Maths Question, Can Anyone Help?

Question

A V-Shaped animal trough which is made up of two planks of wood having width 0.5 metre and length 6 meters closed at the end by ends by a vertical sheet of timber. Determine the depth of the trough such that it holds a maximum amount of water?

The cross section is V- Shaped.

I know i have to set up an equation, differentiate it find maximums bla bla bla. But i cant set up the Equation!

Can anyone help?

Im not given any angles so how can trig help?

Answer 1

The required depth = 0.3536m, or about 35.4cm

This can be solved with or without reference to the angle between the trough sides. The volume V = 6 A where A is the area of a triangular end. So we just have to find when A is a maximum.

A = b*h/2 (where h is the required depth)

Also, b = 2*sqrt(0.5^2 - h^2)

so A = h*sqrt(0.5^2 -h^2)

Now find h, such that: dA/dh =0

or, more simply:

The angle betwen the 2 pieces which maximizes the volume is 90 degrees(see footnote). Once you know this you can determine h since h = 0.5*cos(45) = 0.3526

Footnote: Express the the end area in terms of the angle between the 2 pieces of wood. Use the area formula: A = (1/2)a*b*sin(x) where x is the angle between the two pieces. In your case, a=b= 0.5m and so A = 0.5*0.5*sin(x)/2 = 0.125sin(x).
So the volume V= 6*0.125*sinx(x) = 0.75sin(x) cubic m. This will be a maximum when x = 90 degrees since we know the sine function value is a maximum when x=90 degrees, but formally:

dV/dx = 0.75 d/dx sin(x) = 0.75cos(x)=0 when cos(x) =0 when x = 90degrees
Max volume = 0.75sin(90) = 0.75 m^3

Answer 2

The two sides of the trough will be 0.5m with an unknown angle between them. The vertical line from the bottom of the V to the surface is the unknown - call this 'd'.
I think the best way is to find the angle that maximises the volume.
The depth d forms the adjacent to a right angled triangle with the angle being half of what you are trying to find. The 0.5m is the hypotenuse. Try to draw what I've described. The depth d is equal to 0.5Cos(angle/2). The water surface forms the third side of the triangles. Half of the water surface is the side of the right angled triangle, call it w and so:
w =0.5Sin(angle /2).

The formula for the area of one right angled triangle is half length x width, so the area of the V is twice this and equal to w x d.
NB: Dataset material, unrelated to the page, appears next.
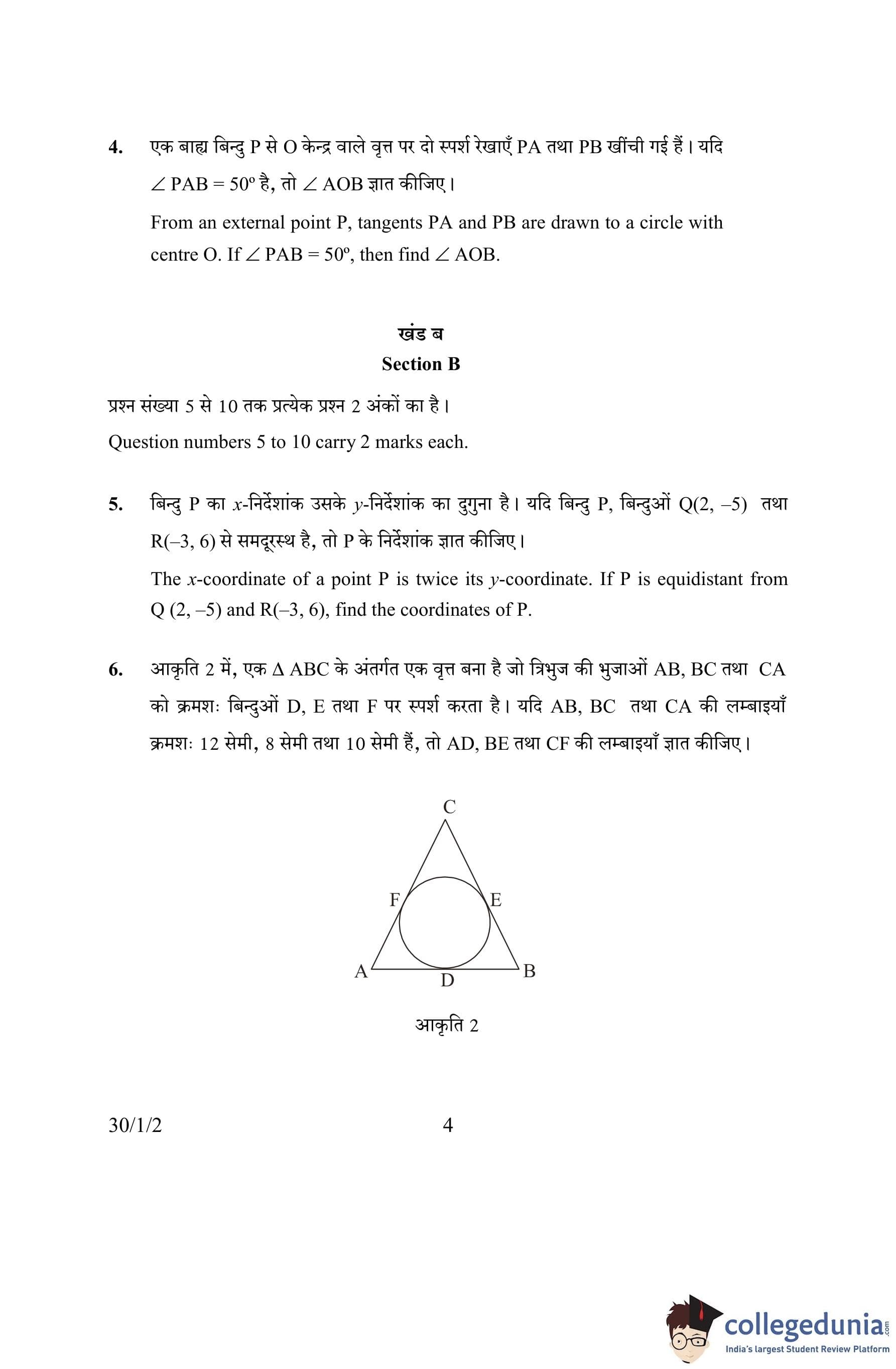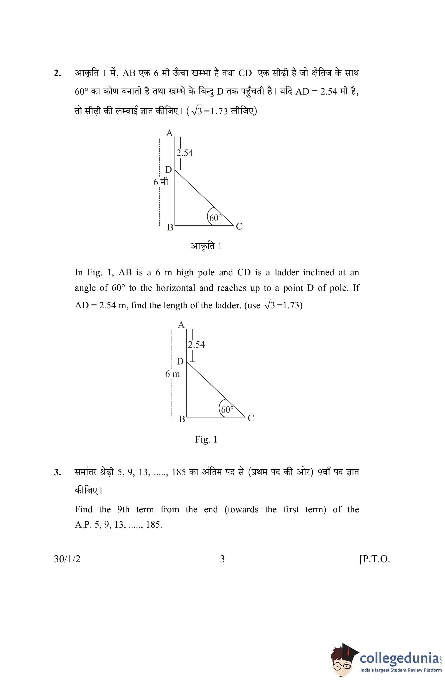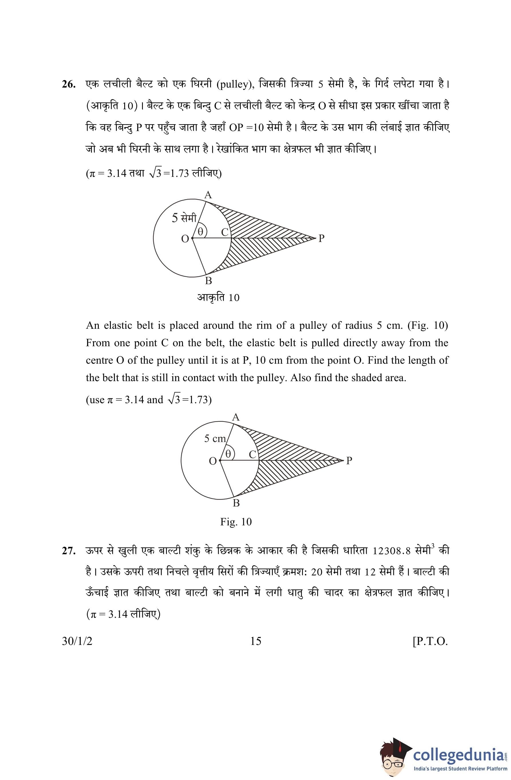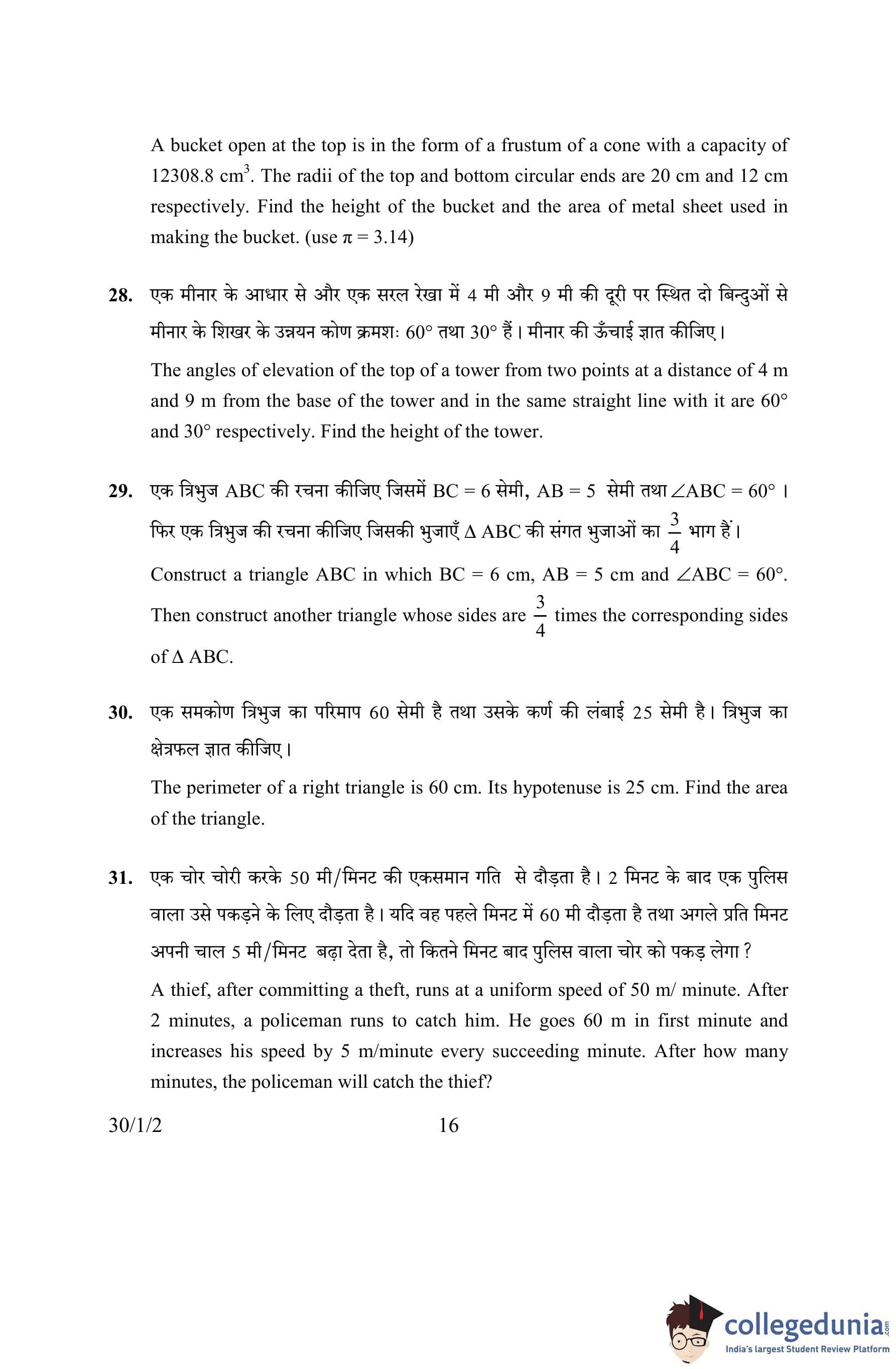 CBSE Class 10 Mathematics Question Paper 2016 with Answer Key Set 2- 30/1/2 is available for download. The exam was conducted by the Central Board of Secondary Education on March 19, 2016 in the Morning Session 10:30 AM to 1:30 PM. The medium of paper was English and Hindi. The question paper comprised a total of 31 questions divided among 4 sections.

Putting the angles into the equation:
Area = 0.5Cos(angle/2) x 0.5Sin(angle/2).

I think you need to differentiate and look for the zeros, one will be the maximum. It's about 25 years since I differentiated cos and sin, so I can't help you there. Once you've found the angle that maximises the area, then put it back into d = 0.5Cos(angle/2) to find the depth.
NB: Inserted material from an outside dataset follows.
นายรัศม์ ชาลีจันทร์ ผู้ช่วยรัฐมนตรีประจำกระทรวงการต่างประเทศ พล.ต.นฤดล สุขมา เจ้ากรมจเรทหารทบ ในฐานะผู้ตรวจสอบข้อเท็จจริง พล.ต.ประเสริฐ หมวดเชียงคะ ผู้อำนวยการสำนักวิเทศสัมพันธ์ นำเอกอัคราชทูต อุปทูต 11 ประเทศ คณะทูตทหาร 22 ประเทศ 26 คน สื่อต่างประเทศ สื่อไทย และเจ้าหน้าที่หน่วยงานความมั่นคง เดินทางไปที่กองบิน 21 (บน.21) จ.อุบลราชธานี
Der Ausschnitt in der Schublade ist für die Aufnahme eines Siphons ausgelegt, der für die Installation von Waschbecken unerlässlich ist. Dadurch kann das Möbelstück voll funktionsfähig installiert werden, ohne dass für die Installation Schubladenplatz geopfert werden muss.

I hope I've not confused you too much - it certainly made me use a few brain cell.

Answer 3

There's one little problem which hasn't been addressed. In order to make the trough, one of the planks has to be nailed to the other, so its effective width is no longer 0.5 meter, but 0.5 - thickness of the plank. If the planks are 5 cm thick, for example, the width of one of the planks is reduced to 0.45 meters. My guess is that a standard right-angle join will result in a triangular cross-section with the largest area, hence the greatest trough capacity. Draw a sketch with the top of the trough as the base/hypotenuse of a right-angled triangle formed by the two planks as viewed on end, allowing for the reduced width of one of them. Now drop a perpendicular from the apex of the triangle to the base, and figure out how to calculate that, which will be the depth of the trough. I think you're going to need some trigonometry to get the base angles. If you can draw an accurate scale diagram, you can get a pretty good estimate of the exact measurement. Good luck.

Answer 4

Everyone is making such a big deal of this, it is not hard.
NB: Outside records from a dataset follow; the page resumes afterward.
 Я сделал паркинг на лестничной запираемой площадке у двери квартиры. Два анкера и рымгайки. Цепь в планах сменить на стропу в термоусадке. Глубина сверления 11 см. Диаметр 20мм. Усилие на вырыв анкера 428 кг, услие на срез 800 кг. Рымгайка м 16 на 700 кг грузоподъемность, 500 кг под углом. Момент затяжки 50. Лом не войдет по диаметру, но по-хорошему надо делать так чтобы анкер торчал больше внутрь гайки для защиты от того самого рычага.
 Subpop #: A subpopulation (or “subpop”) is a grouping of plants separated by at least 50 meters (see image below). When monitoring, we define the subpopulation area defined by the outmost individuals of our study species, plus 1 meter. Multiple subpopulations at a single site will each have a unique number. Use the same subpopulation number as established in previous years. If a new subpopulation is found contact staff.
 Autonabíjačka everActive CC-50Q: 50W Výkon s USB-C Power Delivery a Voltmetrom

First, since the volume is the length times the surface area of the triangular base, and the length is a constant 6 meters, all we care about maximizing is the area of the triangle.

Draw a triangle with 2 sides .5 and angle between them 2a, then draw the altitude with angle a. The height of the triangle is .5cos(a) and half the base is .5sin(a), so the area of the triangle is .25sin(a)cos(a) = .125sin(2a). This is clearly maximized when sin(2a) = 1 (no calculus even necessary), so the guesses about a right angle are right.

Answer 5

Since the length is fixed at 6 meters, it suffices to find the maximum area of a triangle where two of the sides are known to equal 0.5 meters, because the volume of the trough is just the area of the triangle times 6. (I suspect it's going to be an equilateral triangle.) I'll let you sweat the details.

Answer 6

forget the length. Just make the angle such that the area of the triangle is maximized. With the angle very small or very large, the area is about zero. It's easier if you draw a vertical line and deal with 1/2 the triangle (now looking at a right triangle). So find the max area of a triangle with a constant hypotenuse. (also forget the 1/2) a2 x b2 = c2 a = sq rt of c2 - b2 b = sq rt of c2 - a2
So, area is (sq rt of c2 - b2) x (sq rt of c2 - a2)
hint - the answer is about 0,35 metre

Answer 7

i think you need to find the third side of a triangle with 2 sides known (each 0.5 m) such that the area is maximum.
the length of the thing doesnot matter.
Since an equilateral is the solution,now find the height of this triangle.

Answer 8

It's when area of cross-section (of triangle) is max.
Area of triangle= 1/8(2sinacosa)*
A = 1/8(sin2a)
dA/da =1/4(cos2a)
max/min when cos2a=pi/2
or a=pi/4=45deg
> d= 0.5sin 45
> d= 0.3536m for depth
* area triangle = 1/2x(base)x(height)

Answer 9

More information required.